Three of every four severe HA patients fail to develop neutralizing antibodies (inhibitors) following initial exposures to FVIII (2). Among patients who do develop inhibitors, ~70% of those who then receive ITI therapy achieve peripheral immune tolerance to FVIII, which is defined operationally as an inhibitor titer below 0.6 Bethesda units/mL (18, 19). Many inhibitors develop within the first 20 FVIII infusions, following a classic prime + boost pattern (20), while inhibitor development after 50 FVIII exposure days is rare (21, 22). Inhibitor development requires uptake, processing and MHC Class II presentation of FVIII peptides and subsequent recognition of the peptide-MHC Class II complexes by circulating T cells (23, 24). In addition, innate immune “danger” signals are presumably required, such as the binding of pathogen-associated molecular patterns (PAMPs) or damage-associated molecular patterns (DAMPs) to toll-like receptors (TLRs) on antigen-presenting cells (25). Activated CD4+ T cells are essential for the initial development of high-affinity, class-switched antibodies, while antibody responses that persist following multiple exposures to allo-antigens are generally thought to be driven primarily by memory B cells and long-lived plasma cells (26, 27). An important clinical observation was made in the 1980s, when HA patients tragically became infected with HIV following exposure to tainted blood products. As their CD4+ T-cell counts declined, they experienced a concomitant decrease in inhibitor titers (28, 29), and when effective anti-retroviral therapy was administered their inhibitors returned.

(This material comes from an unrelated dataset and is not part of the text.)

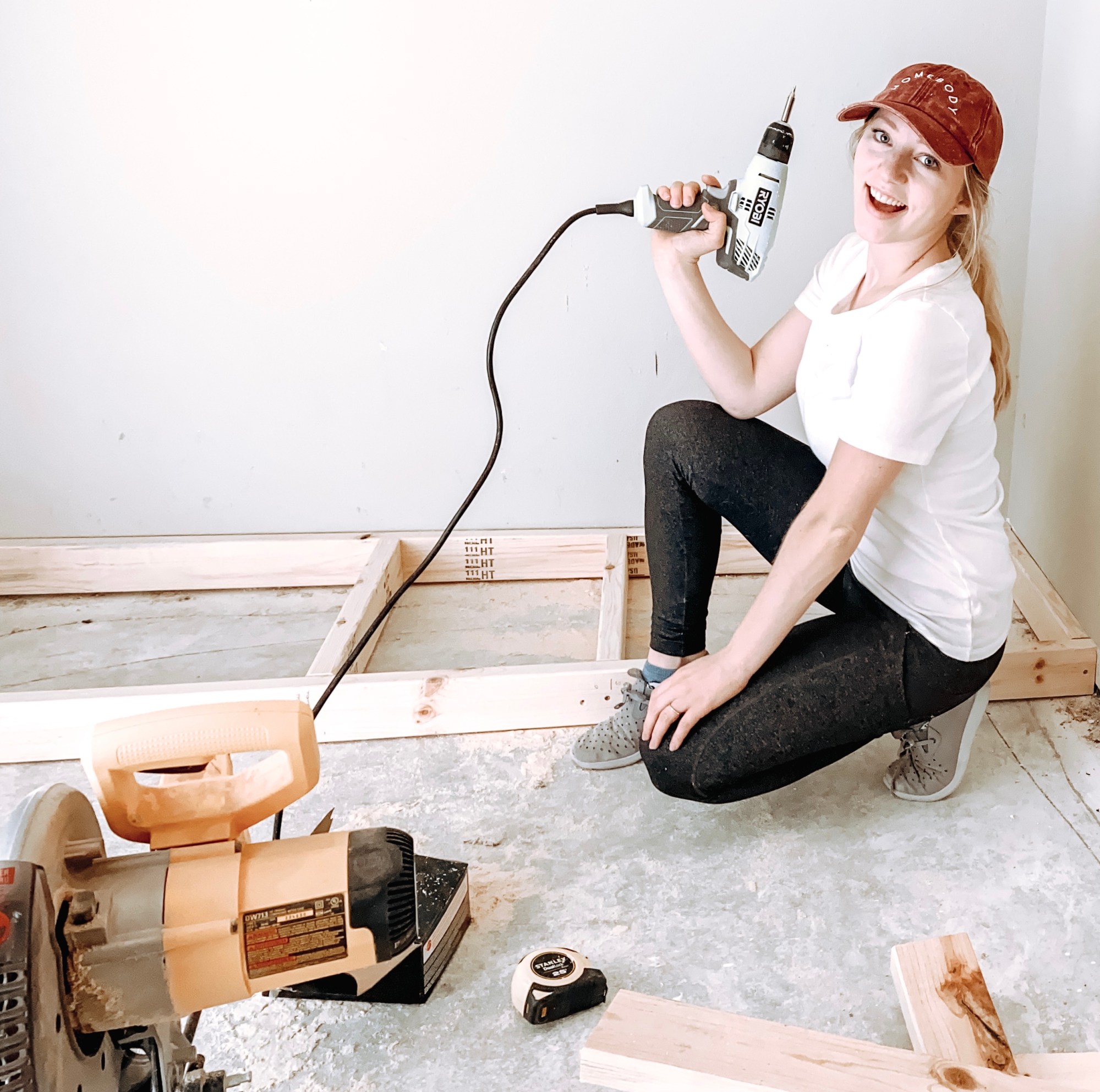 With a clean slate, I could start the build! First, I built a base out of 2x4s. Basically, I constructed a box and then screwed it into the studs. I also made sure that there was a 2×4 running under where every divider would go.

This observation established that CD4+ T cells play a critical role in maintaining established inhibitor responses, as well as providing initial T-effector help. Subsequent studies of both human blood samples and HA mouse models have further characterized CD4+ T-cell responses to FVIII (10, 15, 3035). The possible roles of additional leukocyte subsets, and of inflamed endothelium, etc. in maintaining established inhibitor responses are less well-characterized.

FVIII is administered intravenously with no added adjuvant, although some extra-vascular exposure at the injection site is inevitable, and the sources of hypothesized innate danger signals during initial exposures have proven elusive. Reipert and colleagues demonstrated that addition of FVIII to cultures of human monocyte-derived DCs and T cells did not affect either DC maturation or T-cell proliferation, indicating that the FVIII structure itself did not contain PAMPs/DAMPs, at least in their experimental system (36). Similarly, Teyssandier et al. found no evidence of TLR signaling or antigen-presenting cell maturation when FVIII was added to either a murine macrophage cell line or to HEK293 cells expressing TLR1.2 or TLR2.6 (37). Mannose-terminating glycans on FVIII facilitated uptake by mannose receptors on cultured human dendritic cells (38), but this effect was not seen in studies of murine dendritic cells (39). FVIII uptake/processing by various tissues and tissue-resident cells, including in the spleen, lymph nodes, liver and endothelium, and its presentation in an immunogenic vs. tolerogenic environment, are areas of active research (15). One recent study evaluated transcriptome changes of spleen and liver cells isolated from naïve FVIII-knockout mice 3 h after infusion with FVIII vs. saline, thereby identifying increased transcription of several immunoregulatory genes during the initial immune response to FVIII (40). Another interesting recent study compared in vitro responses of human monocyte-derived macrophages to recombinant (r)FVIII vs. a rFVIII-Fc fusion protein, demonstrating that the macrophages internalized rFVIII-Fc via their Fc receptors and became polarized to a regulatory Mox/M2-like phenotype, whereas this skewing was not seen for macrophages cultured with rFVIII (41). Transcriptomic studies to date have not, however, profiled responses to FVIII in humans or mice with an established inhibitor.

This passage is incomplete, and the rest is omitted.